Human lenses were dissected into outer cortex, inner cortex, and nucleus, and subjected to enzymatic digestion. Enzyme-digested peptides were analyzed by liquid chromatography (LC)-electrospray tandem mass spectrometry (ESI/MS/MS). The functional effects of different PTMs on conductance, permeability and gating were assessed using electrophysiological measurements in cells expressing truncated Cx46 and Cx50 channel proteins.
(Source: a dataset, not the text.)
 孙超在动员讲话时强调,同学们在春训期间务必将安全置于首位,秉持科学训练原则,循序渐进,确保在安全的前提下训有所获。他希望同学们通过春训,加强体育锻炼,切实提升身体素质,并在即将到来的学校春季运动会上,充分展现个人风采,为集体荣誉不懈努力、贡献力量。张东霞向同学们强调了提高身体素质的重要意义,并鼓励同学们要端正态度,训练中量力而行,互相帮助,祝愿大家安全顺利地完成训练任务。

Truncation sites were identified in the C-terminus, the cytoplasmic loop and the N-terminus of Cx46 and Cx50. In the C-terminus, truncations were found at residues 238-251 in Cx46 and at residues 238-253 and 274-284 in Cx50. Levels of these C-terminal truncations were similar in the different regions of the lens. In contrast, levels of cytoplasmic loop truncations in Cx46 and Cx50 found by mass spectrometry increased dramatically from outer cortex to nucleus. For example, truncation at residue 129 in Cx46 and at residue 119 in Cx50 occurred predominantly in the nucleus. Electrophysiological studies indicated that all the C-terminal truncations were functional. Gating properties and single channel conductance of channels formed by Cx46 and by Cx50 truncated at residues 251 and 253, respectively, were similar to those formed by full-length connexins. In contrast to C-terminal truncations, we found that truncations in the cytoplasmic loop of both Cx46 and Cx50 prevented the formation of functional channels.
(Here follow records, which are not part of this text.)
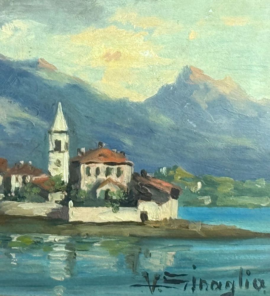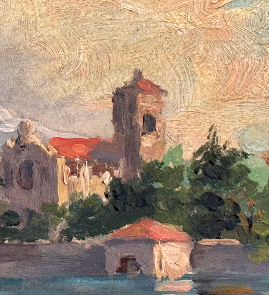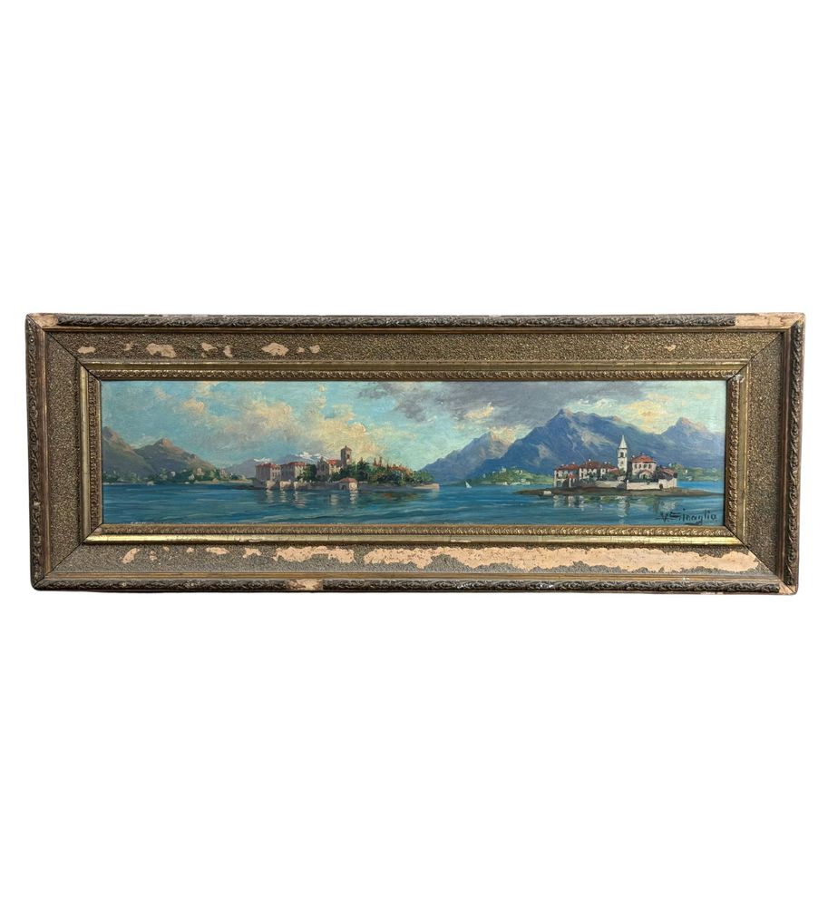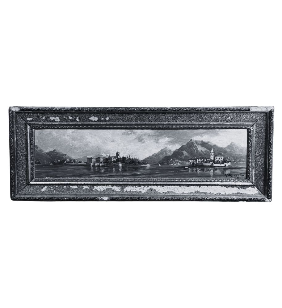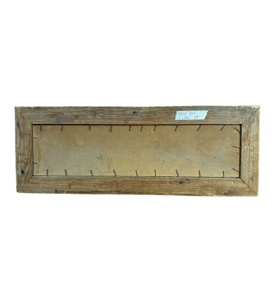 Dipinto olio su pannello, periodo inizio XX secolo scuola Italiana, raffigurante Paesaggio. Dimensioni compreso cornice: 72x26 cm. Dimensioni interno cornice: 61x16 cm. Reca firma in basso a destra da artista non identificato. Opera in buone condizioni.
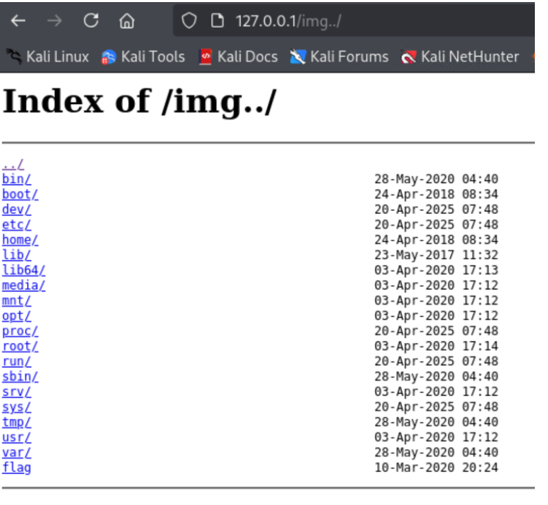 输入url:127.0.0.1/img../,成功进入上一级目录。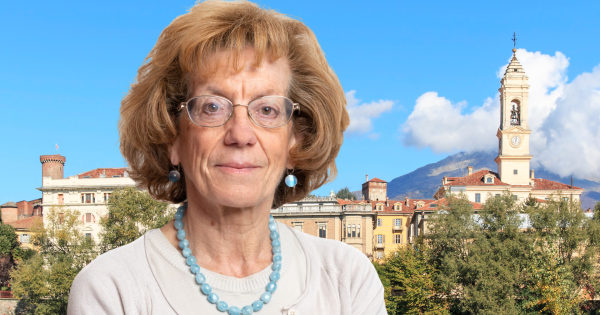 Enrica Barbara Manucci, sullo sfondo Ivrea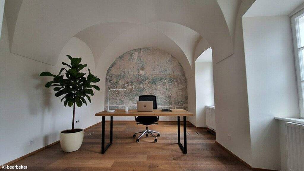 Die zur Vermietung kommende Bürofläche bietet auf etwa 95m² ein außergewöhnliches Arbeitsumfeld in historischem Ambiente.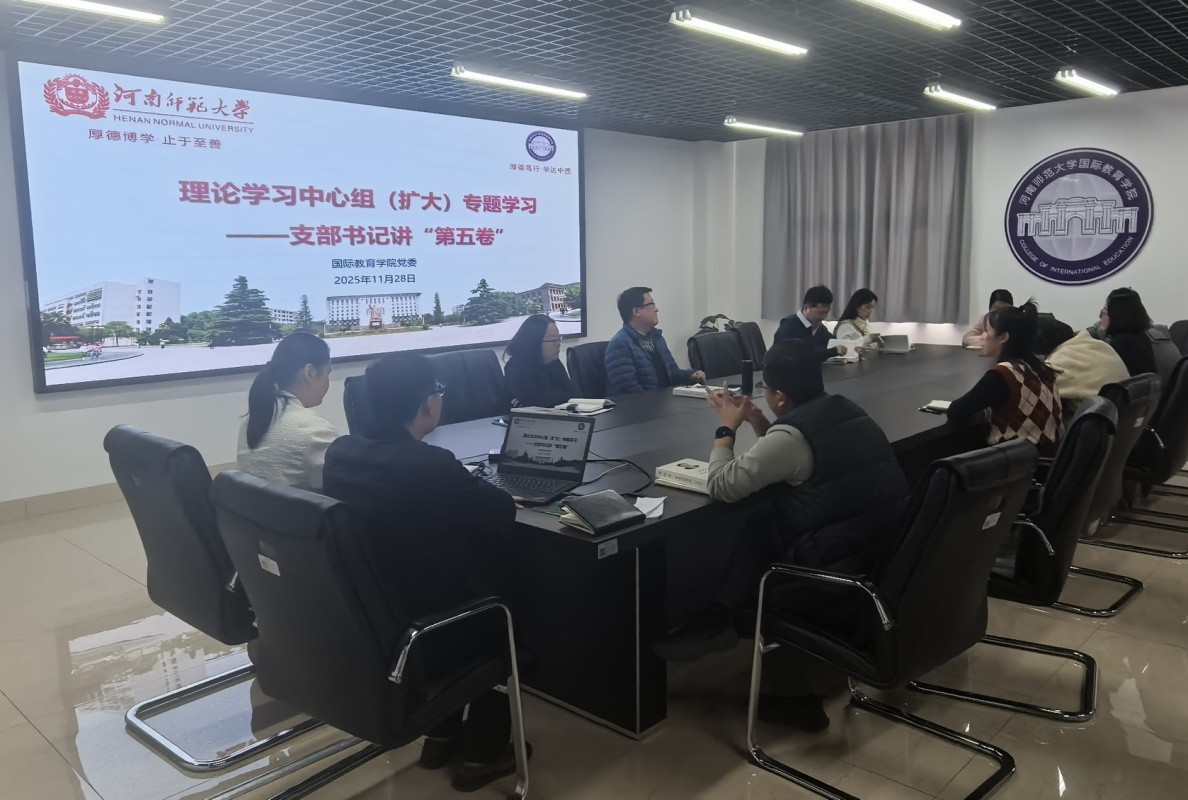 党的创新理论发展到哪里,理论学习就要跟进到哪里,为干事创业筑牢思想根基、涵养信仰志气。为学深悟透《习近平谈治国理政》第五卷的精髓要义,11月28日,国际教育学院党委理论学习中心组开展支部书记讲“第五卷”第二次专题学习。会议由学院党委书记田小勇主持,学院党委委员、班子成员、支部书记和教师党员代表参加学习。

The accumulation of cytoplasmic loop truncations in the core might explain the large age-dependent reduction in the coupling conductance found in functional studies (Gao et al., 2013, IOVS, 54:7174). Because the delivery of anti-oxidant molecules such as glutathione to the nucleus is dependent on gap junction channels, the decrease in coupling conductance due to PTMs might underlie the age-dependent decrease in glutathione levels in the lens core, ultimately leading to cataracts.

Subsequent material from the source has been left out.